Some members of the Jos, Plateau State-based Maranatha Covenant Church, and depositors into a corporative society, yesterday, clashed at the premises of the Federal High Court, shortly after the resumption of the case of alleged fraud levelled against the church leader, Bishop Katung Jonas.
Bishop Katung and two others were docked in the continuation of a case brought before the federal court, by the Economic and Financial Crimes Commission (EFCC). The commission is currently prosecuting the bishop and other persons on a 24-count charge for defrauding about 800 depositors of huge sums of money running into hundreds of millions of naira sometimes in 2012 through a business concern called Covenant Fadama Cooperative Society.
At the resumption of the case, victims of the trapped investment thronged the premises of the court, where they raised placards, and voices calling the bishop uncomplimentary names which irked members of the church who accompanied him, to fight back.

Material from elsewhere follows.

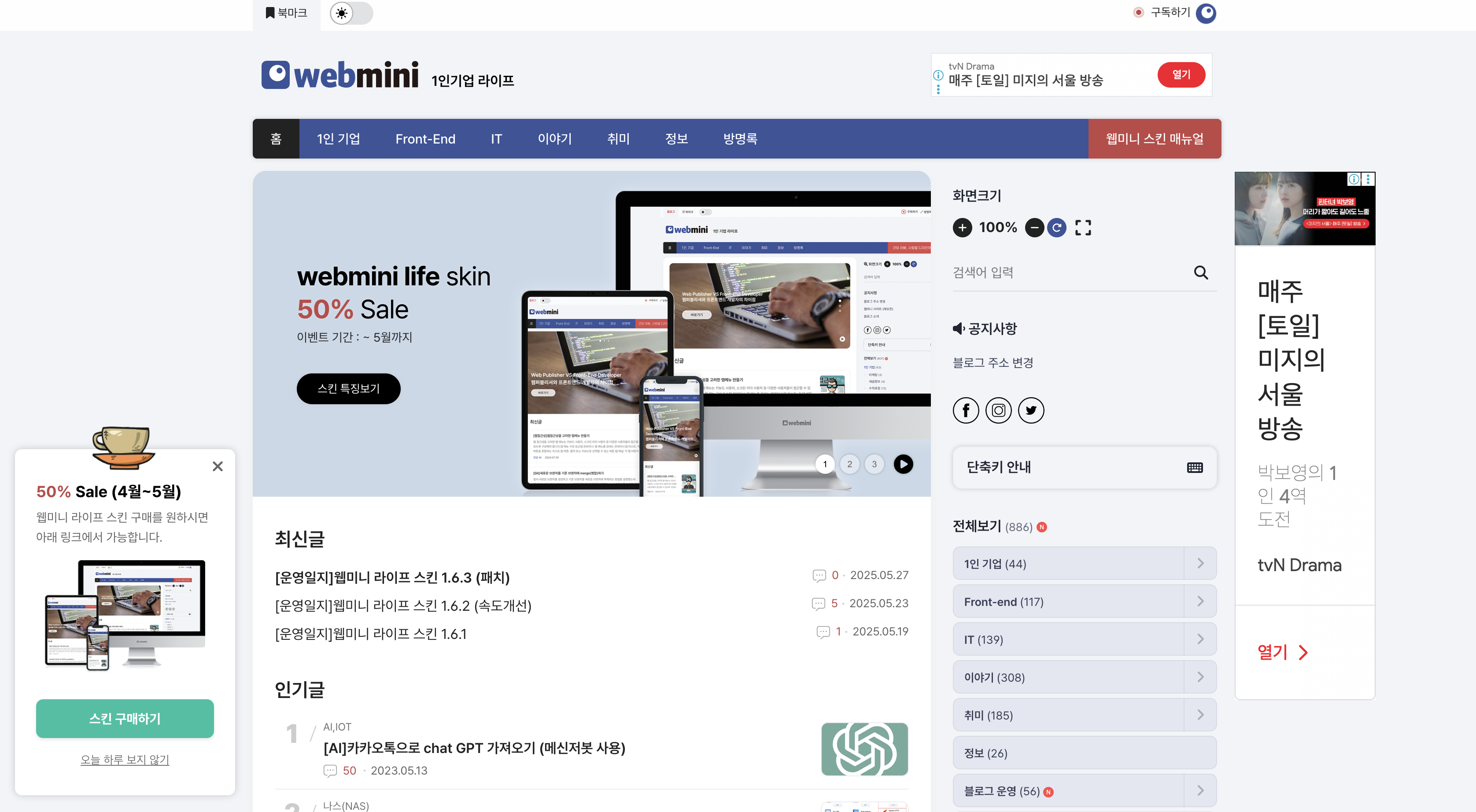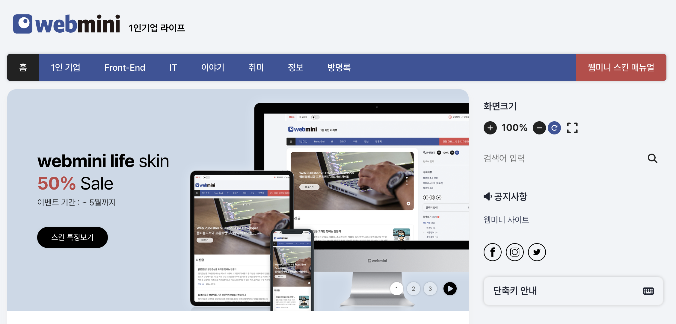 웹미니 라이프 티스토리 스킨 특징

The depositors charged towards Bishop Katung as he left the court building at about 11:35am, chanting demands for the return of their investments, with some hurling insults at him, while others raised the placards they bore to barricade him while he walked towards the gate.
At this point, members of his church advanced forward to shield him, and in the process, engaged the aggrieved depositors in fisticuffs and exchange of insults.

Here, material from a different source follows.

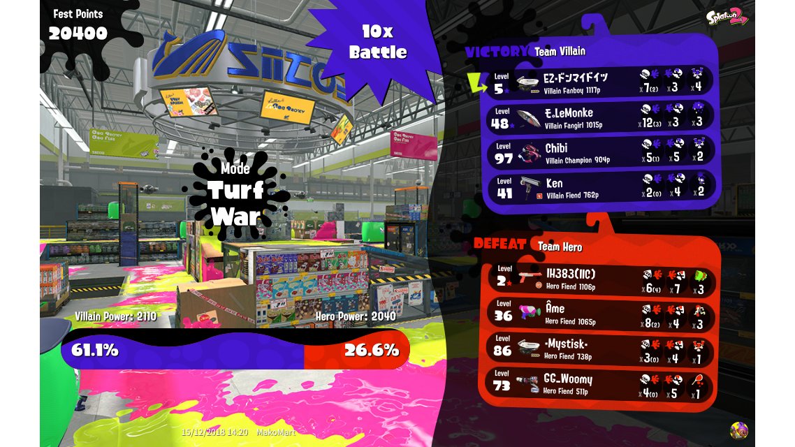 | Mode | Turf War - Splatfest (Pro) | ||||||||||||||||

The church members, most of them young women, were however overpowered by the surging number of the protesters, most of them old women, who wailed and advanced towards the bishop. But the bishop escaped their attempted assault, as he was rushed into a car that drove in to break the crowd, while armed policemen assisted.
Meanwhile, the court yesterday, remanded a third accused involved in the case, Mamman Irimia Jatau. He was remanded in prison custody by Justice M.H. Kurya after the EFCC counsel, amended the charges preferred against Bishop Katung and one Okewale Dayo.
Bishop Katung and one Okewale Dayo, chairman and secretary, respectively of the Covenant Fadama Cooperative Society, have been standing trial at the at court over alleged offences including fraud and money laundering as well as swindling depositors of their investment.